Three feature selection methods were considered: Correlation Feature Selection (CFS) [21], Gain Ratio [22] and ReliefF [23].

CFS is based on mutual information, a non-linear measure of correlation. CFS selects an approximately optimal set of features to maximize the relevance and minimize redundancy. Relevance is the correlation of a feature to the class (up-regulated or down-regulated gene expression) measured by mutual information, whereas redundancy is the correlation between two features. Redundancy between selected features is minimized to keep the number of selected feature small.

The Gain Ratio is an improved method of Information Gain (IG). Both feature selection methods employ a decision tree in their respective algorithms. The Gain Ratio, by name, is a ratio of IG, but it overcomes the bias of IG which favors features with more data.

ReliefF is an improved feature selection method from Relief. Relief uses the Manhattan distance of its nearest hit and miss from a random instance to continuously update a weight vector, which is then used to calculate a relevance score.
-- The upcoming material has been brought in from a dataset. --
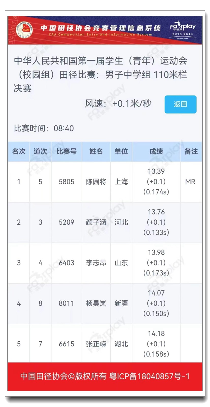 11月,在全国第一届学生(青年) 运动会中,颜子涵获男子110米栏银牌,为历年全省最好成绩。

Features above a certain relevance threshold are considered "selected" [24]. ReliefF improves on Relief in several ways, including two improvements particularly important for this report. First, ReliefF extends Relief to be able to handle incomplete or partial data. Second, ReliefF searches for k near-hits and near-misses and takes their averages, as opposed to one nearest hit or miss from Relief. k =10 was sufficient to obtain satisfactory results [23].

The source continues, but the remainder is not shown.